她用了九分五十九秒的時間逃出來, 只差一秒,只差一秒就可以將車門拉開,踩上油門將車子疾馳離開。

但最後一秒, 最後被搶了去。

如阿寶所說的那樣,能逃出來是她的命。逃不出去,也是她的命。

身體似冰雕般僵硬在原地動彈不得, 直到手臂傳來吃痛抓力,痛得她擰眉。

魏肯音色冷了幾分, 聲嘶暗啞,唇角輕顫著:“程晴。”他少有地喊出了她的全名。

沒有回應, 這使得他有些氣惱, 偉岸身姿打出陰影如烏雲覆蓋在程晴後, 擰眉勾望染上戾色。

氣氛詭異地肅靜著,急促呼吸如藤蔓纏繞程晴無法動彈的僵滯身軀。

車後燈打在唰白臉頰, 低頭,再擡眸, 層層陰翳覆上, 額間冒出冷汗。

程晴摁了一下車鑰匙, 車箱尾部緩緩開啟。

彩燈奪目, 鮮花群繞, 中心位置兩層蛋糕小巧又精致。

程晴慎慎轉身, 回眸,對上魏肯那像生出刺一般的炙目寒凝不禁心虛生出後怕,尾音顫動:“結婚那天是你生日, 還缺你一個生日蛋糕,今天補上。”
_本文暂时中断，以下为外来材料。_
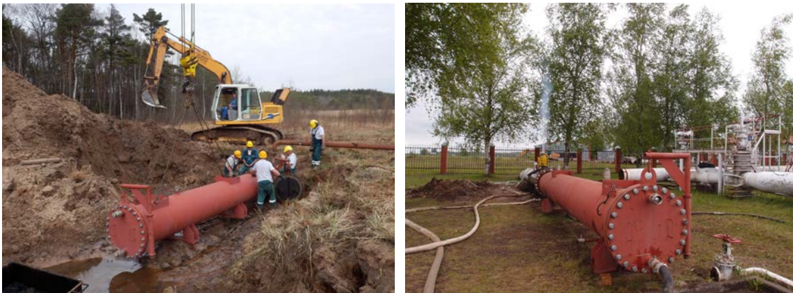
Fig. 4 and 5 – temporary traps for chemical cleaning

For the chemical cleaning special temporary CEPS launchers and receivers were fastened or welded to both ends of each cleaning section (Fig. 4 and 5).
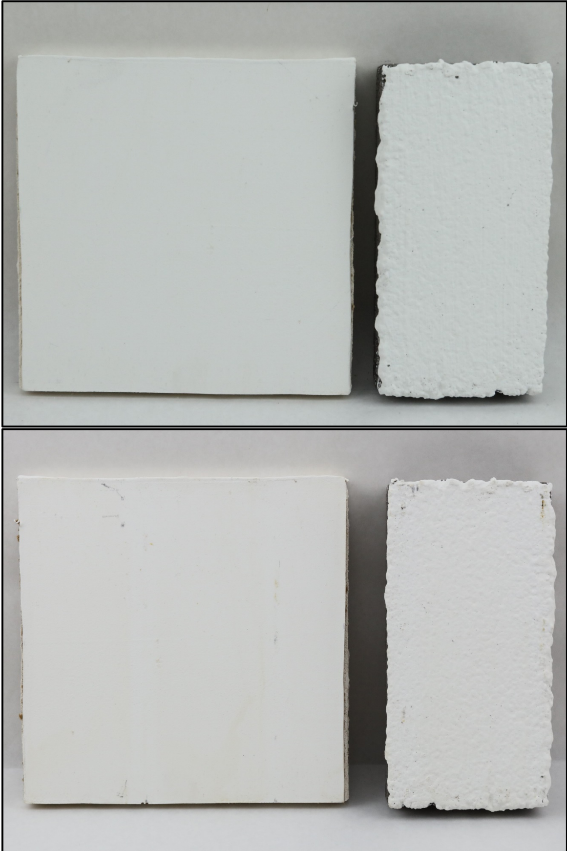
Figure 6: Pre-Exposure & Post Exposure Photographs of Weathering Test

始料未及的意外驚喜打亂了魏肯所有思緒,寒光卸下, 淡出淺淺柔光,周身散發的戾氣剎那間了無蹤,反而多了幾分驚慌所措。

小熊蛋糕還在唱歌,可愛童音環繞:“祝你生日快樂,祝你生日快樂~”

勾緊妻子手臂的手心輕輕顫動著,強勢悄然間褪去,視隨小熊聲聲哼唱。

程晴將呼吸穩住,如蜻蜓點水般試探輕拍魏肯的手心,淺音哼唱:“祝你生日快樂,祝你生日快樂...”
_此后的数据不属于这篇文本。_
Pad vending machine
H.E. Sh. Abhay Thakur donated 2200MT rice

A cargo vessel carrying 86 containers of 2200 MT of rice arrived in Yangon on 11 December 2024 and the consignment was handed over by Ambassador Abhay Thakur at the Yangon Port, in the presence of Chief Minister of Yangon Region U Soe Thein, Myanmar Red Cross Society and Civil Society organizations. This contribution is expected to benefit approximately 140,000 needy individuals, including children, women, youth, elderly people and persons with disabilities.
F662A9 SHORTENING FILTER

歌聲似會催淚般,將魏肯雙眸泛暈出陣陣漣漪,再轉望向妻子,迷離著添增情深,壓抑嗚咽隨明眸淡出。

“噢天啊,原來魏太太是要給魏先生過生日。”

“我們還以為魏太太是要連夜跑路呢,哈哈。”

程晴壓制著呼吸,一顆心懸著跳動。

從今晚之後她算是徹底了解明白,整個小鎮都是魏肯的眼,呼吸遍布,刃刃在前。

慶幸的是並沒有連累一清,不然就真的圓不回來了。

人群裏,阿寶勾眉釁笑,似在慶祝她將困境化險,但卻又像在嘲笑她,被禁錮在眼下設局騙弄。

這是她第二次接受阿寶的幫助,但卻依舊琢磨不清阿寶究竟安的是哪門子心思。

再次踏入別墅的門,大門緊閉那一刻,她的生機也被迫隱匿,如扯線木偶般踏步行走。

眼前的局,她破不開,逃不了,心神低沈地消糜。

魏肯將第一份蛋糕分給她,但程晴吃著,只覺如味同嚼蠟。

不經意掃過一眼,才驚覺桌上還放了不少吃的。糖葫蘆,棒棒糖,冰激淩,還有各樣的小零食,看著熟悉不已。

“好吃!”魏肯不愛吃甜食,然而面前的蛋糕卻吃得有滋有味,轉眼已經消滅大半,還繼續想要再來一塊。

他像個小孩般孜孜不倦地享受摯愛,眼眸多了幾分童真清澈。

那樣真切喜悅,上一次見著,還是結婚當天,他戴著金色狀元帽,向眾人得意炫耀自己今天當上了新郎官。

程晴看著有幾分出神,他卻又開始調皮,輕點一抹奶油塗抹在她鼻尖,惡作劇之後還偷笑。

程晴勉強地笑著,只隨他。

這樣俏皮的模樣,還是第一次見,在小山鎮以冷面示人的冷面男多了幾分靈動。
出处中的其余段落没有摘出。